County: Leicestershire

District: Harborough (District Authority)

Parish: Arnesby

National Grid Reference: SP 61818 92164


Legacy Record - This information may be included in the List Entry Details.

Reasons for Designation

Medieval manorial settlements, comprising small groups of houses with associated gardens, yards and paddocks, supported communities devoted primarily to agriculture, and acted as the foci for manorial administration. Although the sites of many of these settlements have been occupied continuously down to the present day, many others declined in size or were abandoned at some time during the medieval and post-medieval periods, particularly during the 14th and 15th centuries. The reasons for desertion were varied but often reflected declining economic viability, changes in land- use such as enclosure or emparkment, or population fluctuations as a result of widespread epidemics such as the Black Death. As a consequence of their abandonment, these settlements are frequently undisturbed by later occupation and contain well-preserved archaeological deposits, providing information on the diversity of medieval settlement patterns and farming economy, and on the structure and changing fortunes of manorial communities.
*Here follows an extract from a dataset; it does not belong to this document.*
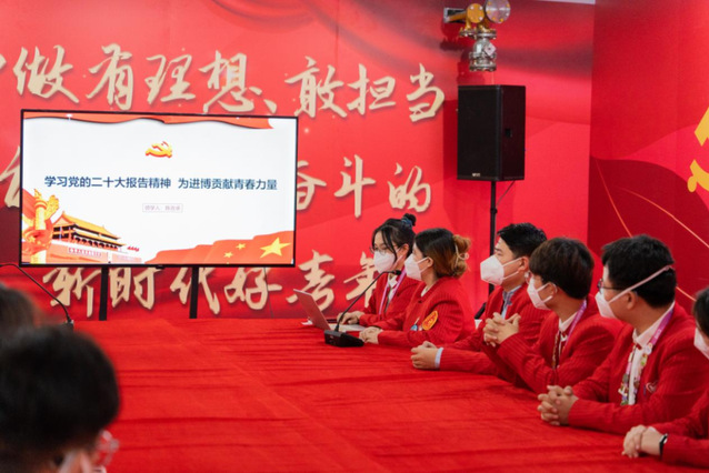 陈孜卓是196名“小叶子”体验官中的一员。上岗前,她作为高校培训联络员,牵头组建了海大进博会“讲师团”,录制二年级“小叶子”传授经验的视频,给全体海大志愿者下发培训手册,督促同学们按时完成线上培训课程。上岗期间,陈孜卓作为第五届中国国际进口博览会上海海洋大学志愿者临时党支部书记,日常负责统计酒店用餐情况,根据不同上岗时间,确定每日酒店订餐数量;负责每日“进博日记”等相关进博会系列活动推送的组织撰写、素材收集;开展“生逢新时代,奉献正当时——学习贯彻党的二十大精神”主题分享会,带领海大志愿者中的党员同志们重温入党誓词。

The building of fishponds began in the medieval period and peaked in the 12th century. The difficulty in obtaining fresh meat in winter and the value placed on fish as a food source and for status may have been factors which favoured the development of fishponds and which made them so valuable. The practice of constructing fishponds declined after the Dissolution of the monasteries in the 16th century, although in some areas it continued into the 17th century. Documentary sources provide a wealth of information about the way fishponds were managed. The main species of fish kept were eel, tench, pickerel, bream, perch and roach. Most fishponds were located next to villages, manors or monasteries. Archaeologically fishponds are important for their association with other classes of medieval monument and in providing evidence of site economy.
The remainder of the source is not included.